For some time Queensland Magnesia’s (QMAG) Rockhampton plant had been experiencing poor electricity supply conditions in the form of frequent voltage fluctuations.
Even a 2-second voltage dip would cause their air blowers, which are critical in the operation of the plant’s gas-fired shaft kilns, to trip. If one of these blowers were to stop, the whole plant would shut down.
“On certain types of power dips we were getting the kilns tripping and the kilns, if they trip like that, it can put them out of action for a few days sometimes—just from a very momentary dip in voltage,” explains QMAG’s Electrical Engineer, Don Wilschefski.
An eight-hour restart procedure could follow, resulting in a considerable loss of production.
“It would happen whenever we had a dip. It had been happening ever since the plant was built—probably a couple of times a month. And you’ve got the potential to lose a day or two’s production if things aren’t going too well,” says Don.
So QMAG decided to install new and replace existing variable speed drives on the shaft kiln air supply lines. When the plant management approached Schneider Electric’s Drives and Motor Control Sales Engineer, Gary Clews, he quickly grasped the main issue and offered a solution.
“We had to change those drives anyway as some were quite old—14 or 15 years old, the drives on the blowers—so we really had to upgrade them and we were just looking at the best option to do that and the Altivar drives seemed to look pretty good,” says Don Wilschefski.
“They were new technology and we spoke to Gary about the ride-through characteristics and he assured us we could set them to have a good ride-through characteristic on voltage dips.”
They chose Schneider Electric’s Telemecanique Altivar 61 (ATV 61), which are designed especially for pump and fan applications. Choosing from the wide range available—from 0.75 to 800 kW—QMAG had a 160 kW and a 250 kW ATV 61 drives installed on each line: one drive for each stage.

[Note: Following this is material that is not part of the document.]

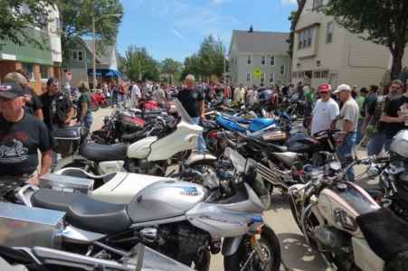 וכך מצאתי את עצמי בשבת בבוקר השלישי לאוגוסט רוכב לכיוון מילווקי. הגעתי בערך בשעה עשר וחצי ולמרות שהאירוע רשמית מתחיל ב-11 בבוקר (ונמשך עד שש בערב) הרחוב כבר היה מלא באופנועים כאשר אל המקום זורמים עוד ועוד ללא הפסק. לטובת האירוע נסגר הרחוב על מנת לאפשר למציגים לפרוס דוכניהם ולהציג את אופנועיהם במרכז. מה אומר לכם, מעולם לא ראיתי כזו כמות של יצירתיות ומוטציות דו-גלגליות, ואינני זוכר את מספר הפעמים/סבבים של הלוך חזור לאורך הרחוב שעשיתי על מנת לא לפספס שום דבר. המצלמה לא הפסיקה לרגע לתקתק ולתעד כדי שניתן יהיה להעביר את המראות והתחושות לכם הקוראים.

“We managed to get them in and set all the parameters correct and they seem to be running quite well now,” says Don.
“We’ve had quite a number of dips without causing any trips on the kilns that we’re running.”

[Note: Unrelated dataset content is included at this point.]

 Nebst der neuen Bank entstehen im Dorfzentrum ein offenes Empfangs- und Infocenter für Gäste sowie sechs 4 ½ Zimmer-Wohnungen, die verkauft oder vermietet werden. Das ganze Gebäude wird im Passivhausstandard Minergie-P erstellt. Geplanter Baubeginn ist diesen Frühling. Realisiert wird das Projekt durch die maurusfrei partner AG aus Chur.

One of the other advantages of the ATV 61 drives was their compact size.
“With retrofitting in any organisation, you’re normally trying to fit things into spaces that don’t exist,” explains Don.
“It wasn’t quite the case here, but with the drives we removed and putting the new ones in, it has created a bit of extra space for us.”
However, it was mainly their ride-through ability that sold them. The voltage dip ride-through feature of both the Altivar 61 and 71 range allows the user’s machinery to continue operating without tripping during supply dips and ‘brown-outs’ on one, two or all three phases.
“The ‘ride-through’ time depends on several things. It works best on high inertia loads. It also depends on how many phases brown out and how low the voltage drops,” explains Gary Clews.
“In the case of QMAG, they get brown-outs that cause the lights to go out for two to three seconds, but the drives do not even slow down. For periods longer than that the drives begin to slow down gradually, but have never tripped. In the past, a two-second brown-out would cause the plant to shut down,” Gary says.
“Reliable and robust, the Altivar range assures continuous service. It withstands voltage drops of up to 50% without drop in output— its large DC bus capacitors which store the electric charge and release it as required during the supply dip—and handles a polluted or dusty environment and temperatures up to 50°C” explains Vinod Kandoi, Product Manager of Variable Speed Drives and Soft Starters.
Since the installation of the ATV 61 units Schneider Electric has trained QMAG staff in servicing of the drives and the company has purchased several small drives, ranging from 15 to 55 kW, to replace old units throughout the plant.
“Schneider Electric had a representative visited us and gave us a good run down on servicing the drives—how to maintain them, how to change parts and that sort of thing. We also had a lot of telephone support when were initially setting the drives up,” says Don.
“We had some of the first drives in the country—I think we’d installed a couple before they were officially released—and some of the questions we had, they had to refer back to Europe to get the advice. But most of that time was on a construction phase, so we didn’t have a lot of down time with that.”
The staff at QMAG now feel confident that support is close at hand if things go wrong.
“We have purchased some spares and the closest technician is a two or three hour flight away which, with drives like that, is about as good as you’d get in Australia,” says Don.
“We haven’t really had any major issues with them at this stage.”
There are plans for more upgrades throughout the plant, including two Altivar 61 315 kW for air induced draft fans to the shaft kilns and six Altivar 71 250 kW drives to replace old DC drive systems on the briquetter roller presses. In addition to this, there are over 40 drives on the QMAG site, ranging from 11 to 75 kW, which will be replaced a few at a time during each scheduled shutdown.